Statistical Analysis
Study sample characteristics were presented as mean±SD for continuous variables, and categorical variables were presented as percentages. Continuous variables that were not normally distributed were presented as median (Q1–Q3). Descriptive statistics were presented for the overall sample and stratified by those without carotid plaque versus those with carotid plaque. Differences between absence of carotid plaque versus presence of carotid plaque for normally and nonnormally distributed variables were assessed through the Student t test and Wilcoxon signed rank test, respectively. Differences between categorical variables for those with absence of carotid plaque versus presence of carotid plaque were evaluated through the χ2 test. In sensitivity analyses, we presented descriptive statistics according to the 6‐point CPS.
To examine the distribution of CPSs, histograms were conducted across the 6‐point CPS for both the overall study population and by individual cohort.
Crude incidence rates of 5‐year ASCVD and major bleeding events over 5 years were calculated as the number of events per 1000 person‐years for individuals with absence of carotid plaque versus presence of carotid plaque, and across the 6‐point CPS, with additional stratification by 10‐year predicted risk <5%, 5% to 20%, and ≥20%. Multivariable Cox proportional hazards regression assessed the association of the 6‐point CPS with incident ASCVD and major bleeding events over the entire follow‐up of MESA and ARIC. The proportional hazards assumption was verified using log–log plots and scaled Schoenfeld residuals for key variables. These models were adjusted for age, sex, race and ethnicity, cohort, current smoking, type 2 diabetes, statin medication use, total cholesterol, high‐density lipoprotein cholesterol, systolic blood pressure, blood pressure‐lowering medication use, H2 receptor blocker use, and daily NSAID use.

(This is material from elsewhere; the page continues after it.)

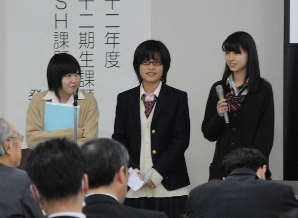 3月22日(火)に、平成22年度SSH課題研究発表会が、飯山市民会館において開催されました。発表を行った理数科 2年4組の生徒は、グループや個人で、SS2の時間を中心に研究に取り組んできました。今年度は、文部科学省より SSH の指定を受け、大学・研究機関・企業等との連携が一層強化される中で、研究の内容や質を充実させることが出来ました。質疑応答の場面では専門的な質問に対しても堂々と自分の考察を述べるなど、1年間で大きく成長した生徒の姿を見ることができました。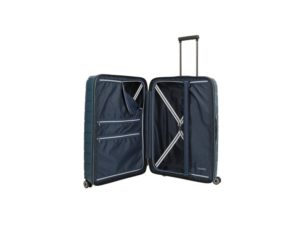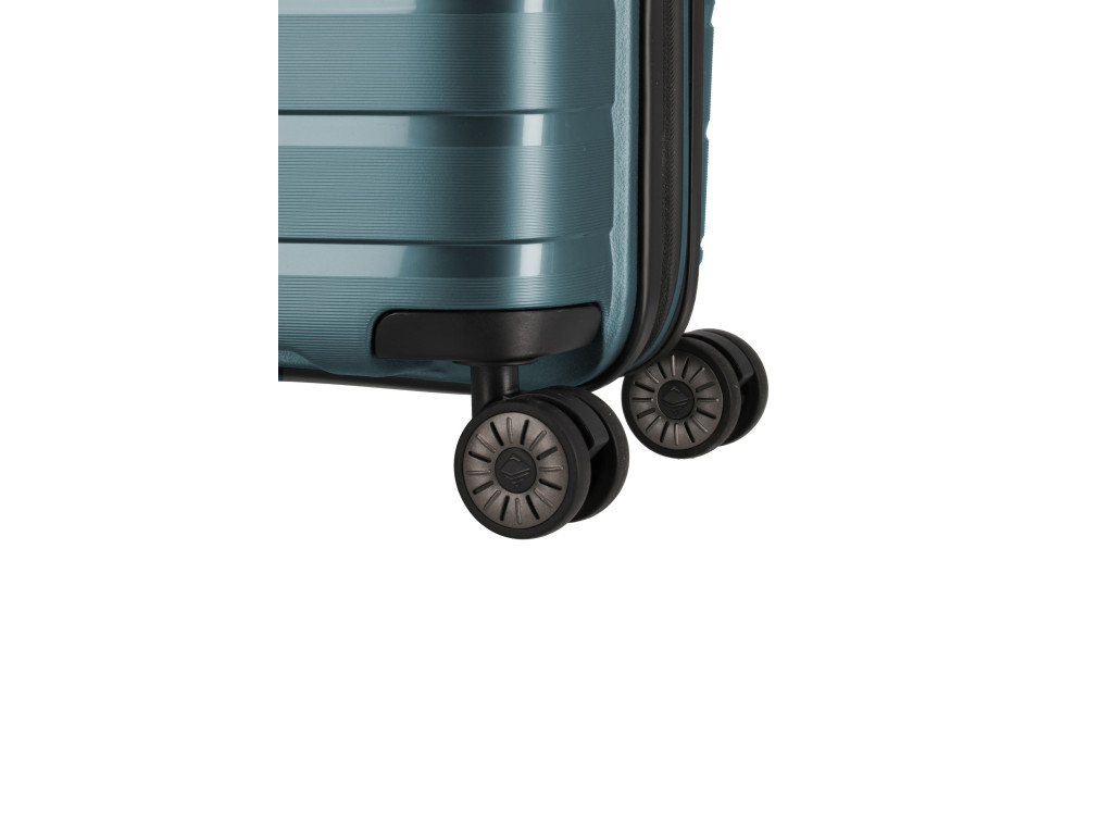 Ať už je cesta jakkoliv náročná, čtyři velká kola se postarají o to, aby kufr byl stabilní, snadno se ovládal a byl velmi tichý. Kufr má speciální vrstvu, která ho chrání před poškrábáním, a vypadá jako velmi luxusní zavazadlo.

Next, to assess the estimated benefit of aspirin, we applied pooled estimates from an aspirin primary prevention trial meta‐analysis that demonstrated a 12% relative risk reduction in ASCVD events with daily low‐dose aspirin therapy to the observed 5‐year ASCVD event rates, identical to the approach of Cainzos‐Achirica et al. 13 Using the reciprocal of this calculated absolute risk reduction, the NNT5 was then calculated. These calculations were performed both in the overall sample and the group stratified by CPS. Correspondingly, for estimated harm of aspirin, we applied the meta‐analysis based on 42% relative risk increase in bleeding events for aspirin to the observed 5 years of major bleeding events to calculate absolute risk increase and the NNH5 for major bleeding events. 7 The NNT5 and NNH5 were then compared graphically to assess the benefit and harm of aspirin therapy in the overall sample and according to CPS groups. Because the major bleeding rates differed somewhat between those with and without carotid plaque, we calculated the NNH5 separately according to the presence versus absence of carotid plaque. Given the small number of participants with a CPS of 6, NNT5 in this group was modeled as a linear function of risk across the remaining range of CPS (0–5).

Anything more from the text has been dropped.